= GIVEN INFORMATION =
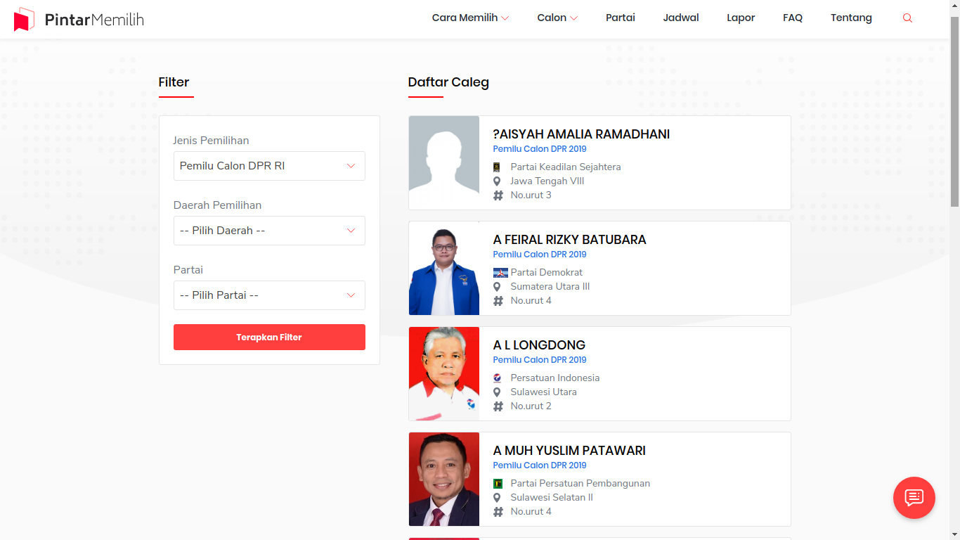 Seperti situs lainnya di atas, kamu juga bisa lihat daftar calon legislatif sesuai daerah pemilihan kamu masing-masing.
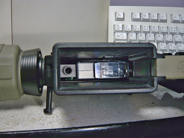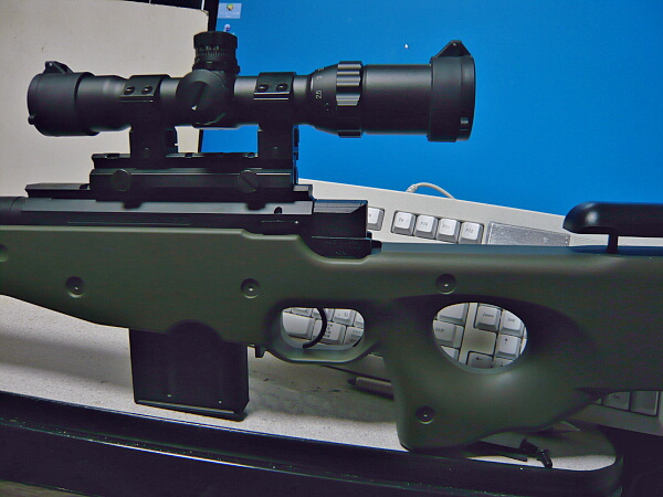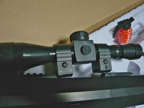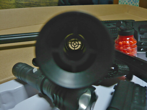 スコープ型の筒。安エアコキだとこれが大事な照準器だったりします。慣れれば案外照準をつけやすいものです。
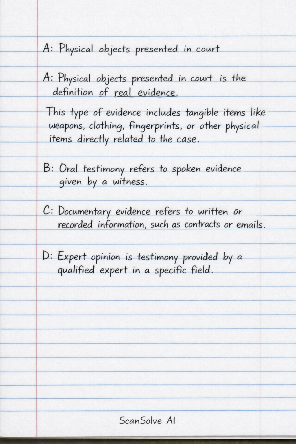 A: Physical objects presented in court is the definition of real evidence*. This type of evidence includes tangible items like weapons, clothing, fingerprints, or other physical items directly related to the case.

= WHAT YOU SHOULD DO =
Leave out all pictures, then copy the remaining material exactly.

= ANSWER BELOW =
 Seperti situs lainnya di atas, kamu juga bisa lihat daftar calon legislatif sesuai daerah pemilihan kamu masing-masing.
 スコープ型の筒。安エアコキだとこれが大事な照準器だったりします。慣れれば案外照準をつけやすいものです。
 A: Physical objects presented in court is the definition of real evidence*. This type of evidence includes tangible items like weapons, clothing, fingerprints, or other physical items directly related to the case.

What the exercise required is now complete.